The downward force on the ethical organization refers to the expectation that the more ethical an organization becomes, the more seductive unethical behavior becomes. This force is triggered by the belief that the better something is, the more tempting badness becomes for it. “Bad becomes more seductive” is the mantra that expresses this force. Unethical behavior becomes more attractive when an organization becomes more ethical. This force tries to pull down the ethics of an organization. Thus, whereas the upward force is about the ethics of an organization becoming better or higher, the downward force is about the ethics of an organization becoming worse or lower. Two effects that illustrate this force are the retreating-cat effect and the forbidden-fruit effect.

The Retreating-Cat Effect

The retreating-cat effect means that the more ethical an organization becomes, the more the oversight on the ethics of the organization decreases until this situation is visibly abused by people within the organization. This effect, which is the opposite of the gold digger effect, is based on the expectation that those who surveil, supervise, and inspect an organization (the proverbial cats or watchdogs) will reduce the frequency and thoroughness of their monitoring of the organization, i.e., retreat from the organization, when the organization becomes more ethical. However, the more the cat retreats, the more the “mice” (the people within the organization) can exploit this situation and be tempted to behave unethically. For example, when the ethical level of an organization is unsatisfactory, compliance officers, controllers, and regulators increase their oversight; and when the ethical level meets their expectations, they relax their oversight until they learn about the abuse, and then they intensify their oversight. This is analogous to placing speed control cameras when and where cars drive too fast, removing them when cars keep to the speed limit, and then putting the cameras back when there are indications that cars are again driving too fast. The paradox of the retreating-cat effect is that goodness promotes badness because “good makes bad easier.” This retreating-cat effect differs from Braithwaite’s (2002) and Ozcan and Gurses’ (2018) concept of cat-and-mouse play. In their concept, the cats are the regulators, while in the retreating-cat effect, the cats can be all stakeholders that supervise the organization, like investors. Furthermore, their concept is about organizations that are trying to escape from the cat, while the retreating-cat effect starts with the idea of the cat that is leaving.

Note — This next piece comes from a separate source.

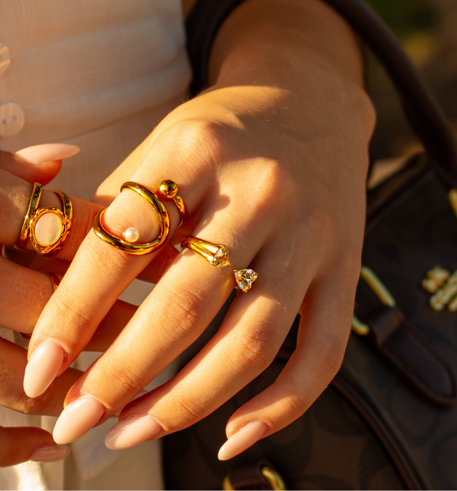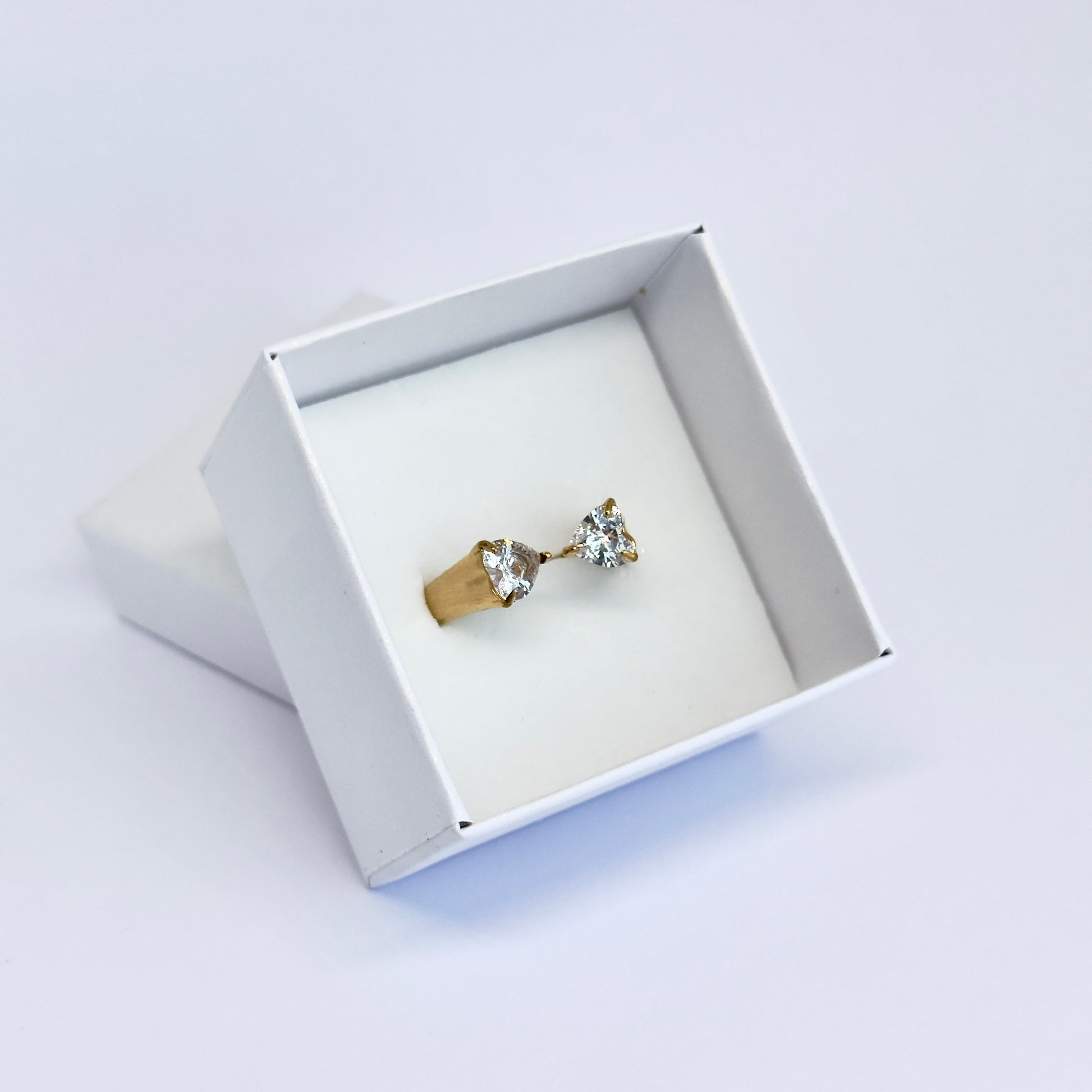 Striking yet timeless, the Radiant Ring features two brilliant stones that seem to reach for one another, capturing light with every movement. This golden masterpiece symbolizes connection and elegance, perfect for adding a touch of refined sparkle to your everyday style or evening looks.

We can find elements of the retreating-cat effect in studies that show that the discovery of unethical practices in organizations leads to more monitoring, inspections, checks, surveillance, and supervision by outsiders of those organizations. For example, Zahra et al. (2005) describe how at the start of this century fraud scandals by top management led to more and closer oversight among all kinds of stakeholders, such as shareholders, debtholders, regulators, and auditors. Buyers who are betrayed by sellers can become more vigilant (Leonidou et al., 2017). Research also shows that oversight decreases when the situation is normalized. When an organization is accused of legal violations and it agrees to settle, regulators install a compliance monitor who independently oversees the design and implementation of a compliance program for the organization; the compliance monitor then retreats afterward once the organization has satisfactorily improved its compliance level (Ford & Hess, 2008). Another example is the concept of responsive regulation: a regulator bases its strategy on the self-regulation of the organization by taking distance when an organization is virtuous and committed to comply with regulations and becoming stricter, more stringent, and closely monitoring the organization when the latter is less virtuous and committed. In this case, the enforcement strategy of regulators is to follow the compliance level of the regulatees (Braithwaite, 2007, 2020).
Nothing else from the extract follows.